- [WHAT YOU SHOULD DO]
Transcribe this listing exactly; omit the pictures.

- [GIVEN MATERIAL]
=== Begin Enclosure ===
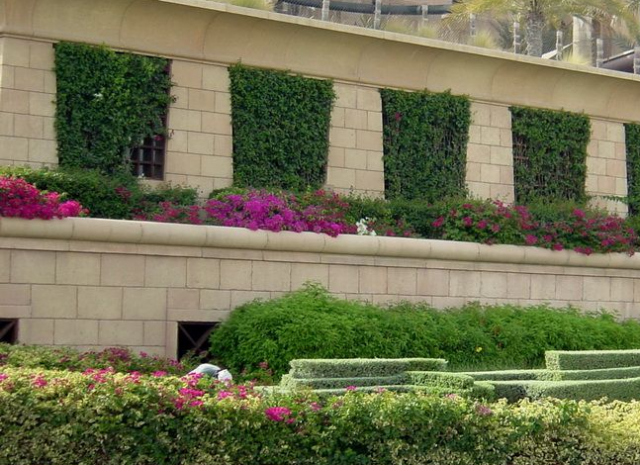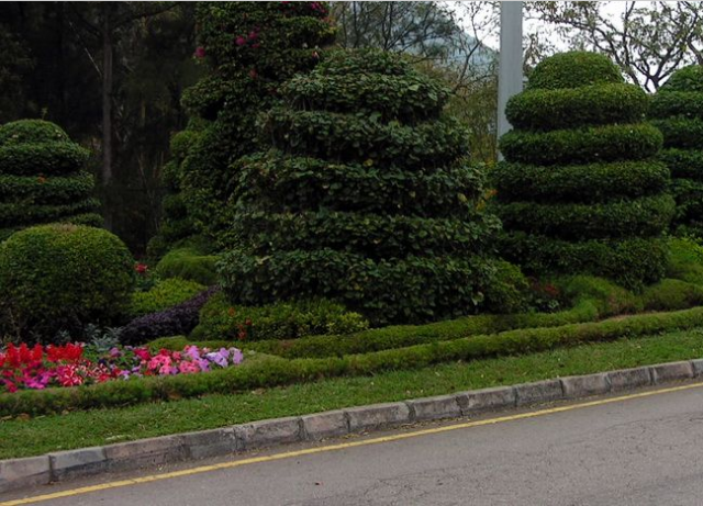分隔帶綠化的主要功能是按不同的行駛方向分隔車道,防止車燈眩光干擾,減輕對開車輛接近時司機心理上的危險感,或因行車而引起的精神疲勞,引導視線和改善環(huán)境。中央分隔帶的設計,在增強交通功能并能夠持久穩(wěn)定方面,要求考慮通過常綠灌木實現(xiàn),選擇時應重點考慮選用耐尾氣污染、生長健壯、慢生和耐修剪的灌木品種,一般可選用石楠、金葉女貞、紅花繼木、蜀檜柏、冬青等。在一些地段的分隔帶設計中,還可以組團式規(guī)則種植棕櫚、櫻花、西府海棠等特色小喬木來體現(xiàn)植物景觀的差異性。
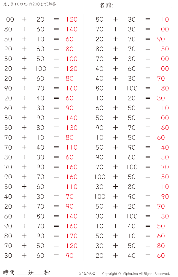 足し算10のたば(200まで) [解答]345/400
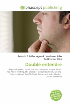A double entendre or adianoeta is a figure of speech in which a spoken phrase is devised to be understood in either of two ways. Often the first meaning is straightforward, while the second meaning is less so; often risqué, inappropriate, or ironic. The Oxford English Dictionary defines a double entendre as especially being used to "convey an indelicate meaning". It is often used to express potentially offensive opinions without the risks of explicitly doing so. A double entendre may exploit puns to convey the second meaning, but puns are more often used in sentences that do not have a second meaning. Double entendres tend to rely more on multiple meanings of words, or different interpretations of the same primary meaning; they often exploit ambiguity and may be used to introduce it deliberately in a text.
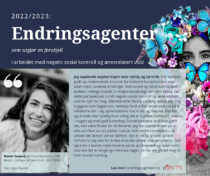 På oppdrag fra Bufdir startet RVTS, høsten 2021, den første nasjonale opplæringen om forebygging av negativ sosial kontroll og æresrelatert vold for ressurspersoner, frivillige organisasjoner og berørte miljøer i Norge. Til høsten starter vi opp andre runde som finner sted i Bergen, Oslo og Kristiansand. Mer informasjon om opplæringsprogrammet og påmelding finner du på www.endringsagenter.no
=== End Enclosure ===
- [SOLUTION TO THE PROBLEM]
分隔帶綠化的主要功能是按不同的行駛方向分隔車道,防止車燈眩光干擾,減輕對開車輛接近時司機心理上的危險感,或因行車而引起的精神疲勞,引導視線和改善環(huán)境。中央分隔帶的設計,在增強交通功能并能夠持久穩(wěn)定方面,要求考慮通過常綠灌木實現(xiàn),選擇時應重點考慮選用耐尾氣污染、生長健壯、慢生和耐修剪的灌木品種,一般可選用石楠、金葉女貞、紅花繼木、蜀檜柏、冬青等。在一些地段的分隔帶設計中,還可以組團式規(guī)則種植棕櫚、櫻花、西府海棠等特色小喬木來體現(xiàn)植物景觀的差異性。
 足し算10のたば(200まで) [解答]345/400
A double entendre or adianoeta is a figure of speech in which a spoken phrase is devised to be understood in either of two ways. Often the first meaning is straightforward, while the second meaning is less so; often risqué, inappropriate, or ironic. The Oxford English Dictionary defines a double entendre as especially being used to "convey an indelicate meaning". It is often used to express potentially offensive opinions without the risks of explicitly doing so. A double entendre may exploit puns to convey the second meaning, but puns are more often used in sentences that do not have a second meaning. Double entendres tend to rely more on multiple meanings of words, or different interpretations of the same primary meaning; they often exploit ambiguity and may be used to introduce it deliberately in a text.
 På oppdrag fra Bufdir startet RVTS, høsten 2021, den første nasjonale opplæringen om forebygging av negativ sosial kontroll og æresrelatert vold for ressurspersoner, frivillige organisasjoner og berørte miljøer i Norge. Til høsten starter vi opp andre runde som finner sted i Bergen, Oslo og Kristiansand. Mer informasjon om opplæringsprogrammet og påmelding finner du på www.endringsagenter.no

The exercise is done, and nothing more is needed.